Inspiration: Architecture and Learning
In this project, I was learning to bezel set a rectangular stone, but I still wanted to put some thought into the design. I’ve been very inspired lately by the 20’s and 30’s architecture in San Luis Obispo County, including Hearst Castle and The Monday Club, both designed by Julia Morgan.
These images are from a ranch house in Avila Beach from the same era, featuring an open truss ceiling in the main living area, and a beautiful metal studded door to a built-in firewood storage area.
I chose a tourmaline for its hardness (7-7.5 on the Mohs Scale) as I needed a stone that could withstand my beginner skillset for this type of setting. It can be tricky, in that the corners of the stone must be protected to prevent cracking when the bezel is pushed over. A small ledge is formed inside the bezel, with “safety pockets” cut into the corners to protect the stone.

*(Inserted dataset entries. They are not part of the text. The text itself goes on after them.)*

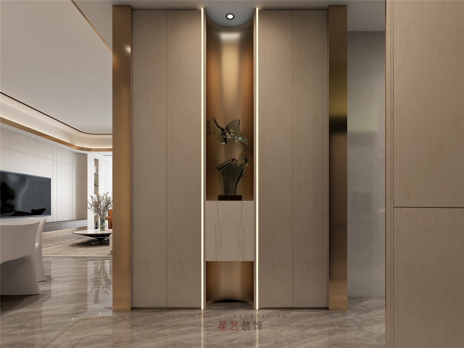 進入玄關,暖白柔和的燈光溫潤細膩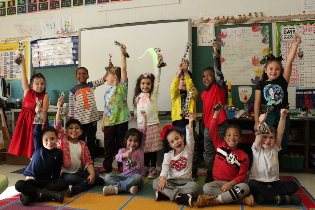 On Valentine’s Day, the kindergarten classes assembled in KLR’s multi-purpose room to recycle these crayons into gift bags for child patients and senior citizens at the Catskill Regional Medical Center. The students first rhythmically beat bags of the crayons into colored dust and then worked together to fill silicone molds with the remnants. After baking these molds, the broken crayons transformed into new crayons in fun shapes like letters and hearts. Then, students finished off the activity by creating cards for the recipients, before bagging the crayons into individual gift bags.
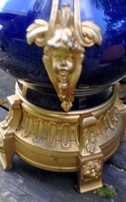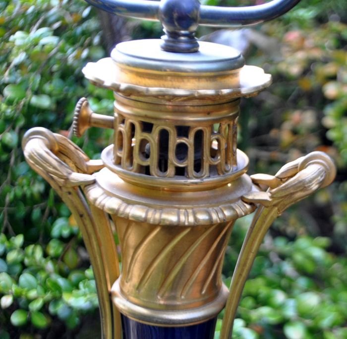 French table lamp, 19th century. Former kerosene lamp, converted to electric. Gilded bronze and body in blue porcelain. With beautiful decorations of angels. H.: 65 cm.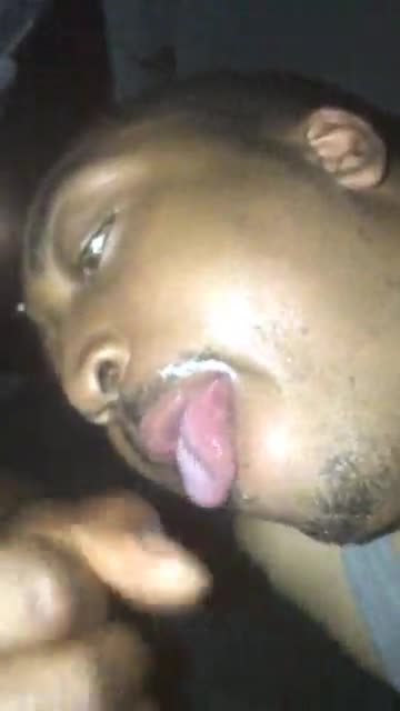 Getting a facial from a huge meaty black cock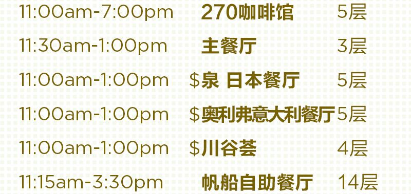 至于收費餐廳,無論是鐵板燒、大董意境坊、牛排燒烤餐廳還是海涵火鍋,都是只有在晚餐時段才會開放的呢~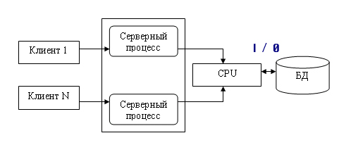 В период создания первых СУБД технология «клиент-сервер» только зарождалась (содержание данного пункта скопировано из работы [19]). Поэтому изначально в архитектуре систем не было адекватного механизма организации взаимодействия процессов типа «клиент» и процессов типа «сервер». В современных же СУБД он является фактически основополагающим и от эффективности его реализации зависит эффективность работы системы в целом. Рассмотрим эволюцию типов организации подобных механизмов. В основном этот механизм определяется структурой реализации серверных процессов, и часто он называется архитектурой сервера баз данных. Первоначально, как мы уже отмечали, существовала модель, когда управление данными (функция сервера) и взаимодействие с пользователем были совмещены в одной программе. Это можно назвать нулевым этапом развития серверов БД. Затем функции управления данными были выделены в самостоятельную группу — сервер, однако модель взаимодействия пользователя с сервером соответствовала парадигме «один-к-одному» (рис. 1.4.2.7.1), то есть сервер обслуживал запросы только одного пользователя (клиента), и для обслуживания нескольких клиентов нужно было запустить эквивалентное число серверов. Выделение сервера в отдельную программу было революционным шагом, который позволил, в частности, поместить сервер на одну машину, а программный интерфейс с пользователем — на другую, осуществляя взаимодействие между ними по сети. Однако необходимость запуска большого числа серверов для обслуживания множества пользователей сильно ограничивала возможности такой системы. Для обслуживания большого числа клиентов на сервере должно быть запущено большое количество одновременно работающих серверных процессов, а это резко повышало требования к ресурсам ЭВМ, на которой запускались все серверные процессы. Кроме того, каждый серверный процесс в этой модели запускался как независимый, поэтому если один клиент сформировал запрос, который был только что выполнен другим серверным процессом для другого клиента, то запрос тем не менее выполнялся повторно. В такой модели весьма сложно обеспечить взаимодействие серверных процессов. Эта модель самая простая, и исторически она появилась первой.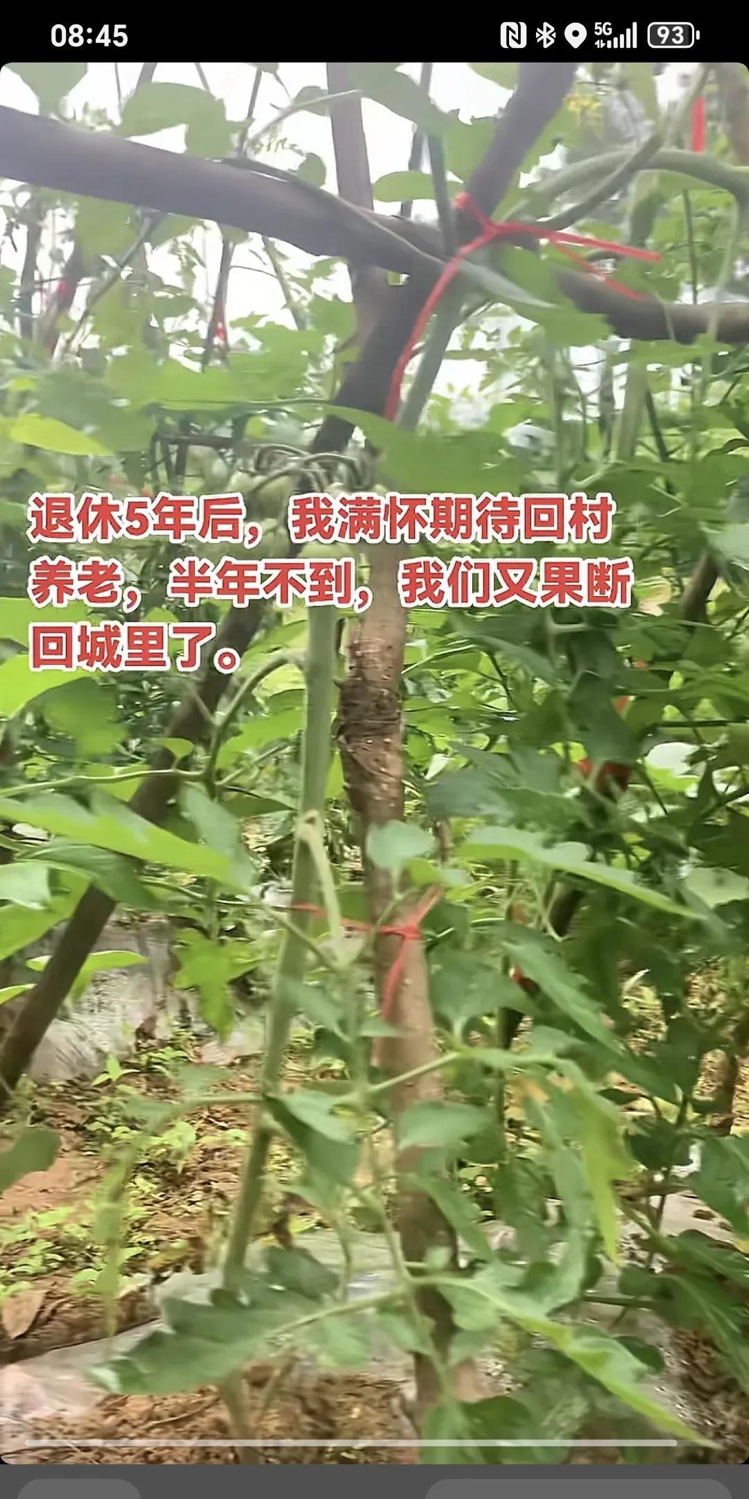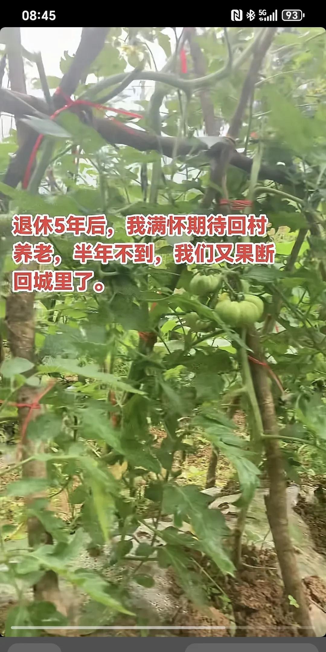 退休五年,我满怀期待回村养老,半年不到,我们果断回城里了~ 回去后啊,我这个心思彻底凉了,本想着回村里颐养千年,没成想人心难测,村里自然条件是好,但是人际环境太差,各种人情世故,条条框框,比城里复杂多了。 回村养老,最终还是太难融入,我和老伴决定放弃农村养老计划,还是回城里吧,就是可惜这个老房子。如果遇到合适的人就卖了吧,这里我们应该不会再回来了。 回村养老的愿望固然是好的,真的回去了,不一定过的想象中的舒心,太多让人意想不到的问题要面对。

I started with some basic elements to begin visualizing what the ring might look like. The elongated baguette shape and brilliant green of this stone immediately reminded me of an art deco design, and when paired with some other simple lines, it began to come together.
The next step was to fabricate the bezel setting, essentially two L-shaped pieces of sterling silver sheet. As with any stone setting, the size and fit is checked repeatedly to be certain it’s accurate. Cannot be too big, cannot be too small! Then the bottom of the bezel was shaped to sit flush on top of the ring.
Next, I hand fabricated some tiny metal studs, inspired by the copper doors pictured above, to accent the stone and wire elements.
Then all the pieces were soldered together. This was a challenging solder job! After polishing, the stone was carefully set. The sides of the bezel were hammered in with a pendant motor and hammer hand piece—no cracks or chips!
One more final polish and the ring was complete.